A few months ago, we devoted two posts to our experiences with Mexican bureaucracy, including useful Tips for Successfully Resolving Trámites (bureacratic paperwork and procedures).
   Let's face it: If you live in Mexico, the odds are that sooner or later you, too, are likely to be caught up with one or another bureaucracy.

   Update:  A reader-friend not only found the posts useful, but was generous enough to write to tell me about it!  I'm posting her story because it highlights key strategies for dealing with Mexican bureaucracy. It also illustrates how the gestor or gestora employs exactly the same strategies to deal with el sistema (bureaucracy).

   Keep in mind: A gestor (gestora is female) is a person who combines the roles of attorney and accountant in undertaking to deal with public bodies on behalf of private customers or companies.

Mexican Bureaucracy Live!

My friend writes:  "And now I need to say yet another THANK YOU...this one for two of your blogs...one about gestoras and the other about how to deal with bureaucratic nightmares.

"I think I told you that we had failed to look at our tourist visa stamps for two weeks, and they had been stamped Oct 11 rather than Nov 11, which was our actual arrival date. Fortunately, we still had our airline tickets and boarding passes to prove the true arrival date, but still....

"We hired Samantha to help us as our gestora and...long story short, we have freshly altered visas all stamped up with official seals and signatures, etc.

"Without dear Sam we would not have gotten past the cleaning lady at the airport. Sam was a marvel of competent, intelligent, calm, respectful, assertive energy. She charmed the cleaning lady who got us to the young woman behind the door of International Arrivals...who reluctantly let us speak to the ultra-official, ultra-responsible older man who most definitely would have sent us packing...but our dear Sam then pulled her Sr. Rodriquez card (long-time family friend, high up in Migración).

"The ultra-responsible man then scurried us up the stairs to the bright, sunny, corner office of Sr. Ochoa...a gorgeous young man who loves Canadians, lived in Vancouver, and speaks perfect English. We parted as friends with the required stamps on the visas.

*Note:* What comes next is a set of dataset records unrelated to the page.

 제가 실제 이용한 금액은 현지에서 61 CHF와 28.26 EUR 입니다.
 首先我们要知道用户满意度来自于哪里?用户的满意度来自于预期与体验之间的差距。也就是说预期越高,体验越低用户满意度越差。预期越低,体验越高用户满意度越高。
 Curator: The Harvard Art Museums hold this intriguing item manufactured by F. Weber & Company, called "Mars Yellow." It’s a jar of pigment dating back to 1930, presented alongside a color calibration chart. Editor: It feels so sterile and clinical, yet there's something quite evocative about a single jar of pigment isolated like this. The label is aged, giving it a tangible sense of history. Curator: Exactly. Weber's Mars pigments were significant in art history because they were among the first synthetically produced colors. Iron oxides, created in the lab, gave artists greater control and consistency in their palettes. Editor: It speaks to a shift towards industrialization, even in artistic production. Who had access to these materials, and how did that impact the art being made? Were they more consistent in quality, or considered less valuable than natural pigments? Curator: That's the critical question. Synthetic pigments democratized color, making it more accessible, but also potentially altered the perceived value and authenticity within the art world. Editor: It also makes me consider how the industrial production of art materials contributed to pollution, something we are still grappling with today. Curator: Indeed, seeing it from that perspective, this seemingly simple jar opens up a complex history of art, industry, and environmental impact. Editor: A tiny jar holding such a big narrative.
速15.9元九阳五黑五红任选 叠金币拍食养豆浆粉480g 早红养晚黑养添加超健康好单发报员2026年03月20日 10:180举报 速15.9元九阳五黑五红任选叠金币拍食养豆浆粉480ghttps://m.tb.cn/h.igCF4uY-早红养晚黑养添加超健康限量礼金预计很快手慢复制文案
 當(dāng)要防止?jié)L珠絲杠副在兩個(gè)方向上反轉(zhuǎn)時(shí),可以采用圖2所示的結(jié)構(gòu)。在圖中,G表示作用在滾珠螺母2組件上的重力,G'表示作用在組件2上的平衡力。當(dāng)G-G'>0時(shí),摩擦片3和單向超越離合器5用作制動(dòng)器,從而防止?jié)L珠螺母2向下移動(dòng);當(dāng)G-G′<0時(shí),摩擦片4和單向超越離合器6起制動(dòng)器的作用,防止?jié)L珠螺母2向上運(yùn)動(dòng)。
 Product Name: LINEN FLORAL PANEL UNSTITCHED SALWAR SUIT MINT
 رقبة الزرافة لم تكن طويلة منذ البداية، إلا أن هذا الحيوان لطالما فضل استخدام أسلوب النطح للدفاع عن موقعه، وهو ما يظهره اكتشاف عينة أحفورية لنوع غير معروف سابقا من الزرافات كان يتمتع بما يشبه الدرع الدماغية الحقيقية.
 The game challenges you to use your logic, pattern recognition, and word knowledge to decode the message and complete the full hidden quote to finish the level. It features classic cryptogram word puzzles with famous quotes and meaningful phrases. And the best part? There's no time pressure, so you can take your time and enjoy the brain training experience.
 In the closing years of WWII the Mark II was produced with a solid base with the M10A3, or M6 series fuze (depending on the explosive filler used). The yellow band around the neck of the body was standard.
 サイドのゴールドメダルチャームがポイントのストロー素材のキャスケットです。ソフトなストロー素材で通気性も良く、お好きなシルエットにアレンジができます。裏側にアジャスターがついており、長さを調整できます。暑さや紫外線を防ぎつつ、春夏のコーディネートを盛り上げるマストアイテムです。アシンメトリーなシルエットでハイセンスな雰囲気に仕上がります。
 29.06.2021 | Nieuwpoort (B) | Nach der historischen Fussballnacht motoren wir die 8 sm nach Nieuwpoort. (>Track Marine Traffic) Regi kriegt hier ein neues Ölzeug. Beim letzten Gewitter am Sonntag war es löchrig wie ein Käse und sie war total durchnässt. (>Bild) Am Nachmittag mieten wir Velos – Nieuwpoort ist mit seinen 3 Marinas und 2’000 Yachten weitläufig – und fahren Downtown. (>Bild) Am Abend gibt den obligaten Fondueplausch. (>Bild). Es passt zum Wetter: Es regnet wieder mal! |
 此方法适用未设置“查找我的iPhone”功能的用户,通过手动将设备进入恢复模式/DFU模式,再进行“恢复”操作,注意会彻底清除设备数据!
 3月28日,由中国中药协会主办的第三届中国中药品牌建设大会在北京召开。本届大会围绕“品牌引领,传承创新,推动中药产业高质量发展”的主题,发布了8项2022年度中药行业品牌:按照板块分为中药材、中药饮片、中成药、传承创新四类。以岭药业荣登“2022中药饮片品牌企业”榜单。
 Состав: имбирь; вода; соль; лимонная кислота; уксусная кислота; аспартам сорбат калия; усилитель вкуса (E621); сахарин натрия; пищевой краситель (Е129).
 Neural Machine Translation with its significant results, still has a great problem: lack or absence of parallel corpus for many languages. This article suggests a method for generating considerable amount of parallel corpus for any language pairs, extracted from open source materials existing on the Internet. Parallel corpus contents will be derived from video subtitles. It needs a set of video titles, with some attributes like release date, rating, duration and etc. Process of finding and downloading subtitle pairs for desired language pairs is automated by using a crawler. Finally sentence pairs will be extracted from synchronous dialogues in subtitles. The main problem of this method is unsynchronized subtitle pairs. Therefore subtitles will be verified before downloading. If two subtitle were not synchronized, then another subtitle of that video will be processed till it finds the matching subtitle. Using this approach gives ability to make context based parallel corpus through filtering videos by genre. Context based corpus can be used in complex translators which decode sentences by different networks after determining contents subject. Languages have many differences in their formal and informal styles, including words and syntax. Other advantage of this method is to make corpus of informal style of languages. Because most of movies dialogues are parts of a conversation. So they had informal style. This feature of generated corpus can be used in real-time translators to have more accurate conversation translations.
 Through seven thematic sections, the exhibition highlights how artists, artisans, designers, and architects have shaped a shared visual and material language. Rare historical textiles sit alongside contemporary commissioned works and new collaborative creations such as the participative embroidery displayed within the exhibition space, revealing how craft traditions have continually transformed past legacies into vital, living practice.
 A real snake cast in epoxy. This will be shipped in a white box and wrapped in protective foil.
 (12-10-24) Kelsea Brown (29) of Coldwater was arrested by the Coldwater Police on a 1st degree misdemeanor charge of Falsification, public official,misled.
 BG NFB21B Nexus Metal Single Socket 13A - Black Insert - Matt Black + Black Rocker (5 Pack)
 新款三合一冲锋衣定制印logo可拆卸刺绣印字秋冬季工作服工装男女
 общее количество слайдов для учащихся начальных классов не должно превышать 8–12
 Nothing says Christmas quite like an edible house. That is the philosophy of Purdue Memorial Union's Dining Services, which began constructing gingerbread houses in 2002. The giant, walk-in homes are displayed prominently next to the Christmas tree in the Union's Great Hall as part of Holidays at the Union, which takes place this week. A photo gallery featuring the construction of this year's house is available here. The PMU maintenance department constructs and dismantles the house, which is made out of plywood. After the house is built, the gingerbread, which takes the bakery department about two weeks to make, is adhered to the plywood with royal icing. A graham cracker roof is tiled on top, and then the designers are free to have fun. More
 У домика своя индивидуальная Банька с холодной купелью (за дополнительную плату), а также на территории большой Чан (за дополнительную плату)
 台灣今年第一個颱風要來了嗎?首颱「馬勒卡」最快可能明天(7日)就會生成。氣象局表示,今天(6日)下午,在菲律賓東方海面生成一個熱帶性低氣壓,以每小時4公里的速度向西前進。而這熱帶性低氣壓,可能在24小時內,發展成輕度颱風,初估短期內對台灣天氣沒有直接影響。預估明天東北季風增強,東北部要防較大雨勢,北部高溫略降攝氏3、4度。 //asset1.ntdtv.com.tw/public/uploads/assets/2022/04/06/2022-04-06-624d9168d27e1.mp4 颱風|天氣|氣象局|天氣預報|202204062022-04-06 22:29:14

"It did take over an hour in his office as he engaged in some creative problem-solving and dealt with senior officials on the phone...sooo...quite literally, we would still be dealing with the cleaning lady, or at most the first young lady in immigration. Bless your heart, bless Sam's heart...all is well!!"

Lessons Re-Learned
  1. Having documents that conform to the formal bureaucratic requirement is essential!
  2. Showing courtesy, patience and respect accomplishes far more than any alternative you might consider.
  3. Enlisting the personal assistance of everyone (cleaning lady, receptionist, guard) with the power to keep you moving toward your goal is essentialwithout it, you may well find yourself standing outside on the sidewalk wondering what happened.  
  4. Tapping into a personal networkwho you know (friend, gestor) able and willing to ask their contacts to helpis more often than not the decisive factor for achieving bureaucratic success. 


2 comments:

  1. This from a New York Reader: Reminds me of a book, "Maximum City" by an Indian who returned home to Mumbai after many years in NY and the UK. He couldn't even get his hot water turned on because he didn't understand the informal network - his cleaning lady took him to the right bureaucratic channels and postures.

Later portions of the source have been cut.